Figure AIの上場はいつ?株は買えるか【2026年8月】

Figure AI は2026年8月時点で未上場であり、上場日は公表されていません。米SECのEDGARで会社名を検索しても、ヒューマノイドロボットの Figure AI 名義の S-1(上場申請書)は1件も見つかりません。直近の資金調達は2025年9月のシリーズCで、調達額10億ドル超・ポストマネー評価額390億ドル。手元資金が厚いため、市場では2027〜2028年以降の上場を見込む観測が多い状況です。

つまり、日本の個人投資家が証券口座から Figure AI の株を買うことは、現時点ではできません。この記事では、その根拠となる一次情報と、それでも関われる方法・避けるべき落とし穴を整理します。なお本記事は公開情報の整理であり、投資助言ではありません。投資判断はご自身の責任でお願いします。

Figure AI とは何の会社か

Figure AI は2022年に Brett Adcock 氏が創業した米カリフォルニア州サンノゼのスタートアップです。人型(ヒューマノイド)ロボットのハードウェアと、それを動かす自社開発のAIモデル「Helix」を垂直統合で作っている点が特徴で、倉庫・製造ラインから将来的な家庭内利用までを射程に入れています。ロボット単体の会社というより「汎用ロボット向けのAI基盤ごと自社で持つ会社」と捉えたほうが実態に近いです。

資金調達と評価額390億ドル

2024年2月のシリーズBは6億7,500万ドル調達・評価額26億ドルでした。そこから約18か月後の2025年9月16日に発表されたシリーズCでは、10億ドル超の資金を集めてポストマネー評価額390億ドルに到達しています。18か月で評価額が約15倍という、資金調達環境としてはかなり例外的な伸び方です。

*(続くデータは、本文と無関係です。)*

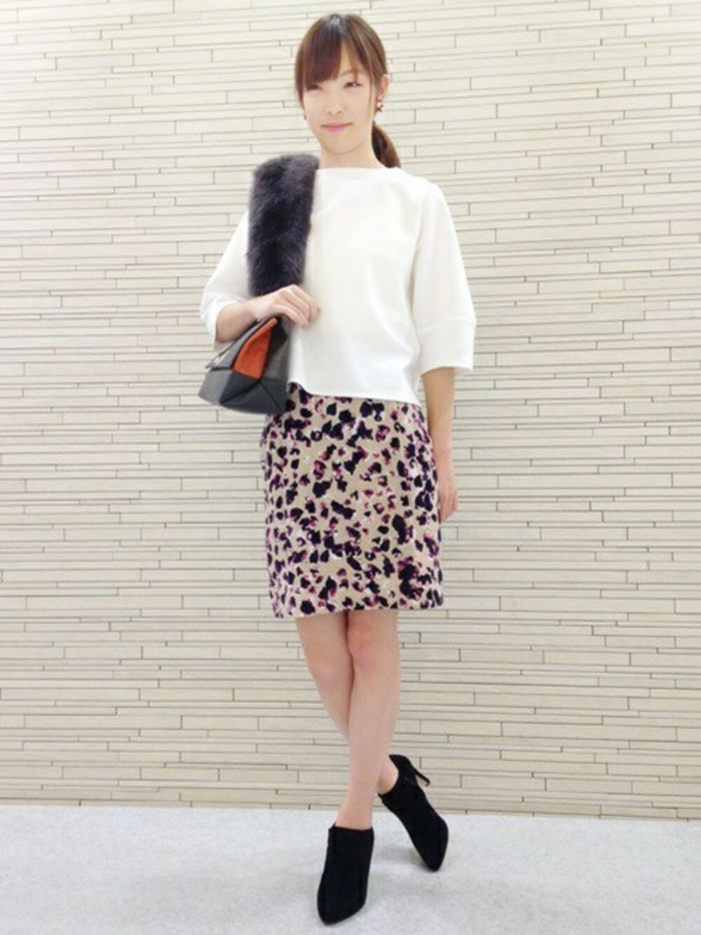 スカートはゆとりのあるタイトシルエットなのでトレンドのスポーティーなトップスを合わせてもスッキリ着こなせます。 ファーを合わせれば上品な秋の装いに。 ピンクの花びらのプリントはオフィススタイルにも映えますね!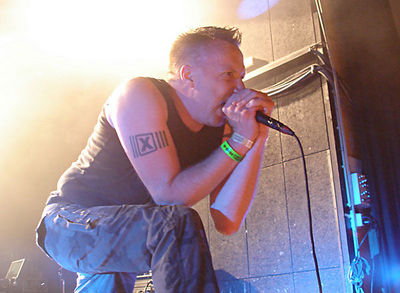 EBM – сокращение от electronic body music (электронная музыка тела) – ответвление индастриала, музыка, представляющая собой электронные танцевальные марши с искорёженным вокалом и сумрачной лирикой. Музыка для любителей мрачных и агрессивных дискотек. Насколько мрачных? Скажем, уже упомянутые бельгийцы Suicide Commando свой последний альбом назвали "Bind, torture, kill" ("Связать, пытать, убить"), а это не что иное как реальный девиз реально существующего маньяка (упомянутого выше Денниса Рейдера, убившего однажды целую семью). А в клипе на "We are the Sinners" – песню с этого альбома – лидер группы Йохан Ван Рой (Johan Van Roy) предстаёт в образе смертника. Он сидит на электрическом стуле, ожидает казни и поёт о беспощадном правосудии, уничтожающем как виновных, так и невинных (тут можно вспомнить, как вместо Чикатило по ошибке расстреляли невиновного человека).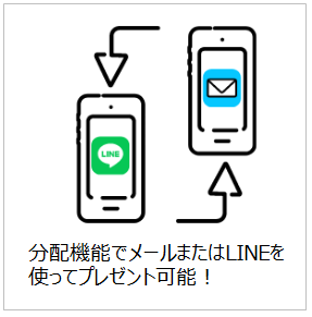 ※分配機能とは購入しメールで届いた「電子食事券」を、家族や友人へメールまたはLINEを使って引き渡しができるサービスです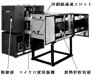 本加熱炉は印刷紙高速搬送装置、データ印字用インクジェットプリンタ(輸入品、フルカラー対応)、印字データ処理パソコンなどと本加熱炉を3式(合計出力:18kW)組み込んだ全長10m程度の一連の総合的な印刷システムとなっている。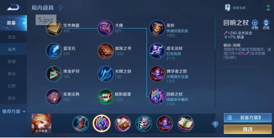 第二件装备选择回响之杖,这件装备非常适合妲己输出的法术装,技能命中后产生的回响会有不错的伤害,而且妲己的大招连续伤害每次都可以触发回响,可以说是伤害爆表。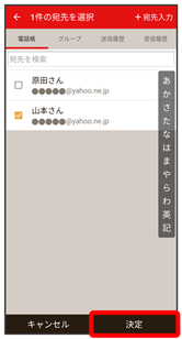 - 宛先入力をタップすると、宛先を直接入力できます。また、入力した宛先を電話帳に登録することもできます。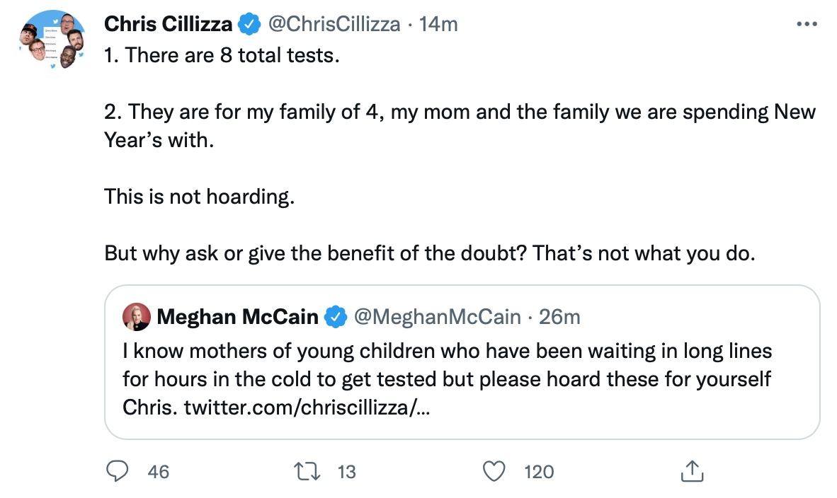Cillizza wound up getting attacked by a number of critics who mocked his cautious response to Covid. Some detractors, including McCain, accused Cillizza of being a test hoarder. In response, Cillizza explained the tests he bought were for his family.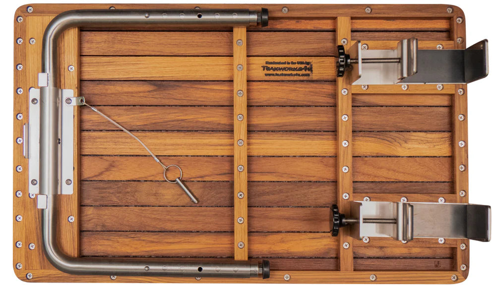Crafted with sleek teak slats and a stainless steel frame, it offers solid stability with a warm, modern look. Adjustable clamps rest over the tub edge, while non-slip legs anchor securely inside. When not in use, the legs fold flat for easy storage.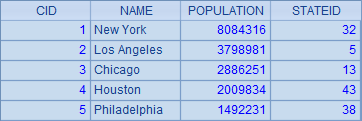 其中ID为主键,特别的,POPULATION设定了限制,要求其中的数据>1,000,000。

ラウンドは Parkway Venture Capital がリードし、Brookfield Asset Management、NVIDIA、Macquarie Capital、Intel Capital、LG Technology Ventures、Salesforce、T-Mobile Ventures、Qualcomm Ventures などが参加しました。さらに Microsoft、OpenAI Startup Fund、Jeff Bezos 氏の Bezos Expeditions も名を連ねています。この出資者リストは、後述する「間接的に関わる方法」を考えるときの手がかりになります。

Figure 03 と自社工場 BotQ の量産

2025年10月9日、同社は最新機種「Figure 03」を発表しました。3グラムの力を検知する触覚センサー、視野角が約60%広がったビジョン系、2kWのワイヤレス充電、Figure 02比で約9%の軽量化などが公表されています。研究用の試作機ではなく、量産と実運用を前提に設計し直された世代です。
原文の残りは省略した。